_Try it_
Omit all pictures. Reproduce exactly the lines from the first line of the records below through the line with "When out of".

_Source data_

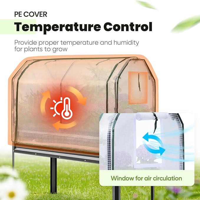 - 【Extending the Growing Season】Raised garden bed with cover allows plants to thrive during the winter and spring. Equipped with zippered doors for easy access, you can tend to your plants with great convenience. Featuring 2 mesh windows, they ensure proper air circulation while also protecting your plants from birds and other small animals.
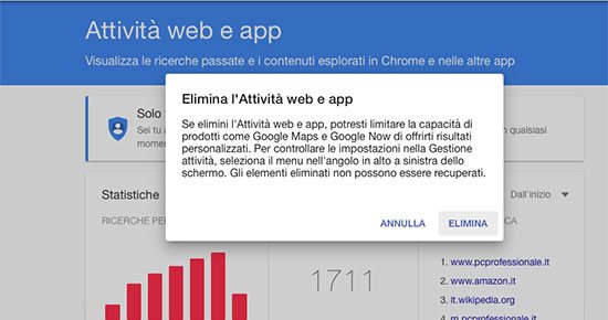 Come cancellare lo storico dell’attività  web del vostro account Google
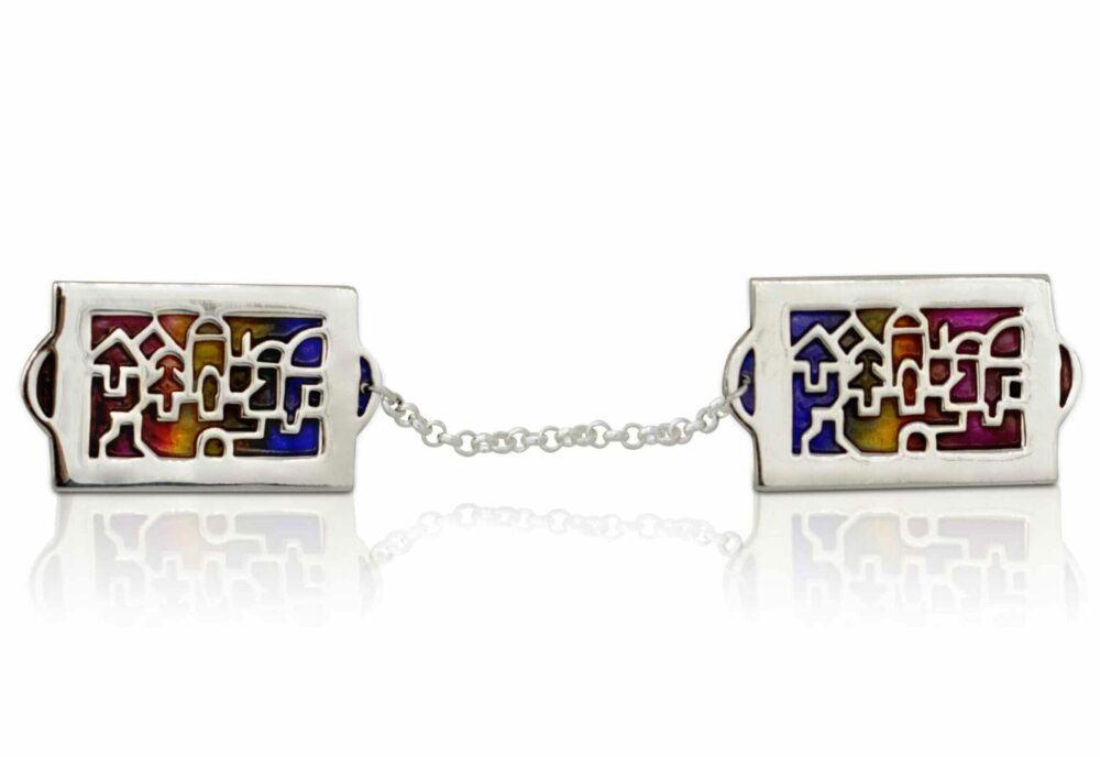 Looking for a modern and stylish way to keep your Tallit in place? Check out our new Jerusalem Walls Tallit Clips! These unique clips are made from 925 sterling silver and feature a colorful enamel background. The modern design of the Jerusalem walls is perfect for any occasion. Whether you’re attending synagogue or celebrating a special event, these Tallit Clips will add a touch of class to your outfit. Order your set today!
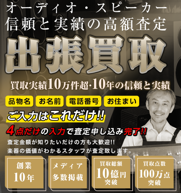 ■ 主な特徴・出張/宅配/店舗の3方式対応。最短30分で無料出張も可能。・アンプ・スピーカー・プレーヤー・ヘッドホン・ケーブルなど幅広く対応。・査定料・出張費・宅配送料・キャンセル料すべて無料。・全国対応。知識豊富な専門査定士が高額査定。
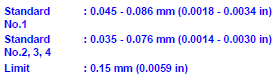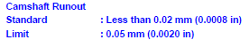 When out of the specified range, replace either or both camshaft and cylinder head.
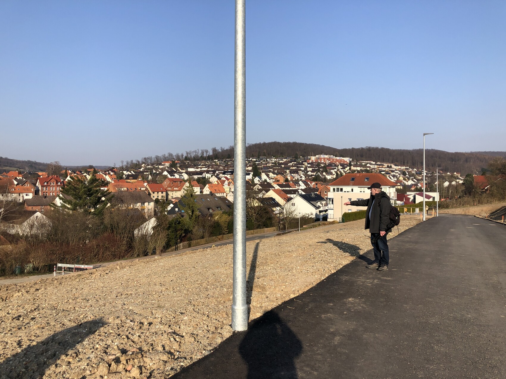 Wo soll die Garage oder Stellplatz hin?Danke . Das Haus wird mit dem Stellplatz an die Ostgrenze gesetzt (dort unten ist dann ja auch der Abwasserschacht). Außerdem sind die Grundstücke auf der gegenüberliegenden Straßenseite etwas versetzt gelegen, so dass wir dann trotz Nordhang zumindest nicht allzu viel Mittagsschatten haben- die größeren Fenster sollen final so gesetzt werden, dass sie gegenüber der 6m - Lücke zwischen den gegenüberliegenden Häusern liegen.
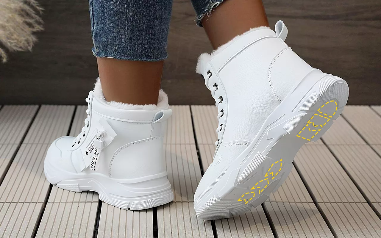 Kuvioitu pohja auttaa pysymään tukevasti liukkailla teillä. Liiku itsevarmasti ilman huolta liukastumisista tai kaatumisista.
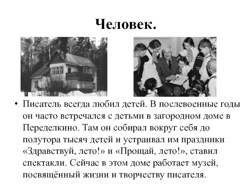 детьми в загородном доме в Переделкино. Там он собирал вокруг себя до полутора тысяч детей и устраивал им праздники «Здравствуй, лето!» и «Прощай, лето!», ставил спектакли. Сейчас в этом доме работает музей, посвящённый жизни и творчеству писателя.
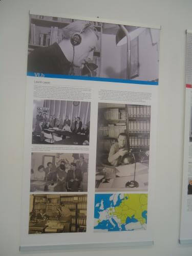 tevékenységét, különösen az irodalmi kapcsolatokat, például Borbándi Gyuláét, aki Gyulai Ernő néven lett a Szabad Európa munkatársa, és a Magyar Osztály helyettes igazgatója volt; vagy Lángh Júliáét, aki a Rádió párizsi tudósítójaként dolgozott, majd 1984-től a rádió megszüntetéséig müncheni szerkesztője volt. De az egész nyugati magyar emigráció is rengeteg szállal kapcsolódik a Szabad Európa tevékenységéhez, ahogy azt épp a Borbándi Gyula szerkesztette lexikon bizonyítja számos adattal. Jelen kiállítás az itthon kevésbé ismert László Lászlónak szentel egy plakátot, aki 1929-ben született Budapesten, majd a kommunista rezsim elől Ausztriába menekülve csatlakozott a Magyar Menekültek Szövetségéhez. A Szabad Európa 1951-ben kínált fel a számára szerkesztői állást. Negyven éven át volt a rádió munkatársa, és a plakát tanúsága szerint fontos szerepet játszott a magyar szerkesztőségben. Jelenleg Münchenben él.
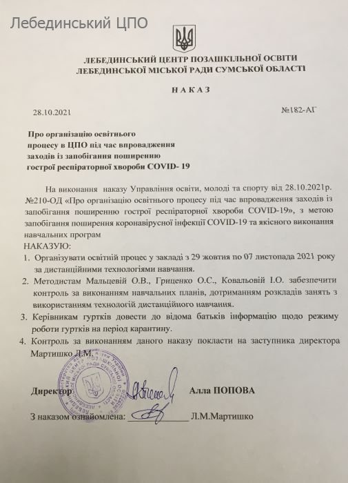 ПРО ОРГАНІЗАЦІЮ ОСВІТНЬОГО ПРОЦЕСУ В ЦПО ПІД ЧАС ВПРОВАДЖЕННЯ ЗАХОДІВ ІЗ ЗАПОБІГАННЯ ПОШИРЕННЮ ГОСТРОЇ РЕСПІРАТОРНОЇ ХВОРОБИ COVID-19
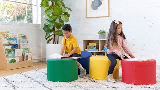 - Foam Ottomans: Create collaborative environments with this set of 4 colorful round ottomans; modular flexible seating is great for classrooms, preschools, playrooms, bedrooms, or home learning spaces
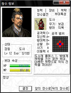 장소의 병과는 책사 입니다.
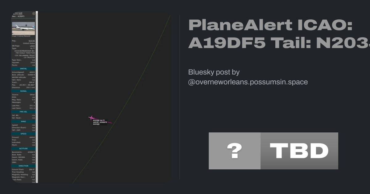 PlaneAlert ICAO: A19DF5 Tail: N203JE Flt: N203JE
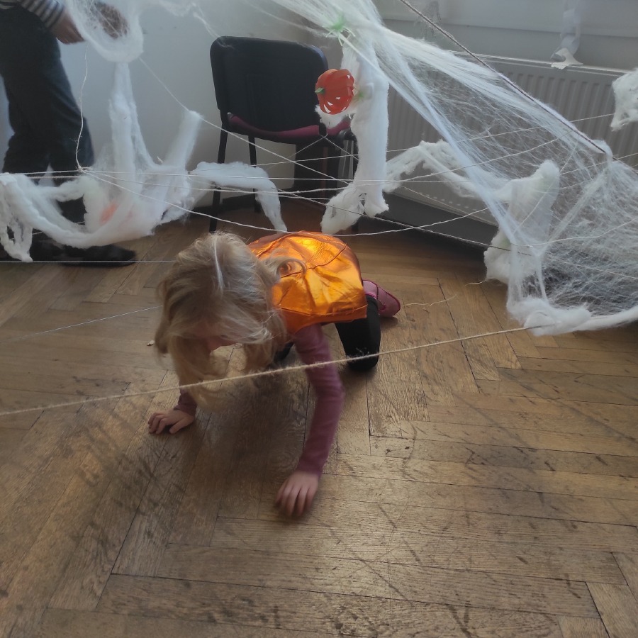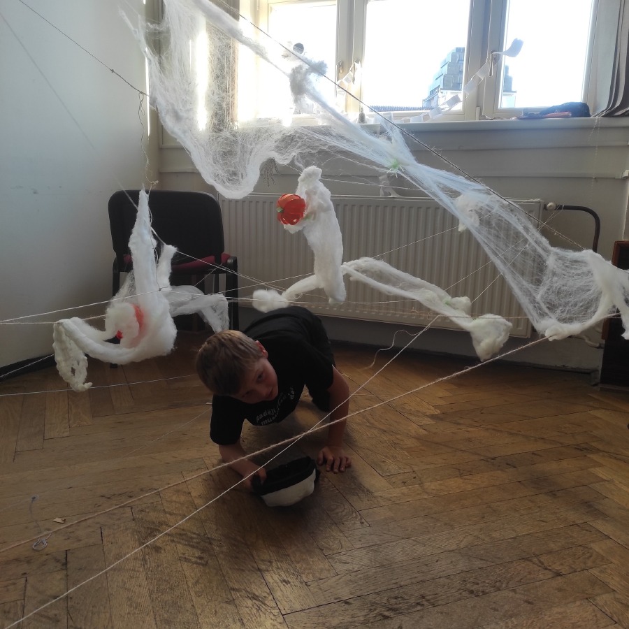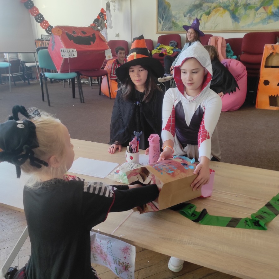 Také jsem navštívili aulu, která se proměnila ve strašidelný svět. Žákovská školní rada si pro nás připravila stanoviště s různými úkoly. Děti se s nadšením zapojily, smály se, trochu se bály, ale hlavně si celý den společně užily.
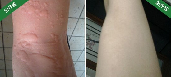 荨麻疹治疗过程:左先生腿上荨麻疹面积大,采用中药和外用熏蒸的方法,把体内的过敏原清掉,再通过中药调理,益气固表,疏风清热,使体内达到阴阳平衡,康复后病情没有复发。

_Written reply_
 - 【Extending the Growing Season】Raised garden bed with cover allows plants to thrive during the winter and spring. Equipped with zippered doors for easy access, you can tend to your plants with great convenience. Featuring 2 mesh windows, they ensure proper air circulation while also protecting your plants from birds and other small animals.
 Come cancellare lo storico dell’attività  web del vostro account Google
 Looking for a modern and stylish way to keep your Tallit in place? Check out our new Jerusalem Walls Tallit Clips! These unique clips are made from 925 sterling silver and feature a colorful enamel background. The modern design of the Jerusalem walls is perfect for any occasion. Whether you’re attending synagogue or celebrating a special event, these Tallit Clips will add a touch of class to your outfit. Order your set today!
 ■ 主な特徴・出張/宅配/店舗の3方式対応。最短30分で無料出張も可能。・アンプ・スピーカー・プレーヤー・ヘッドホン・ケーブルなど幅広く対応。・査定料・出張費・宅配送料・キャンセル料すべて無料。・全国対応。知識豊富な専門査定士が高額査定。
 When out of the specified range, replace either or both camshaft and cylinder head.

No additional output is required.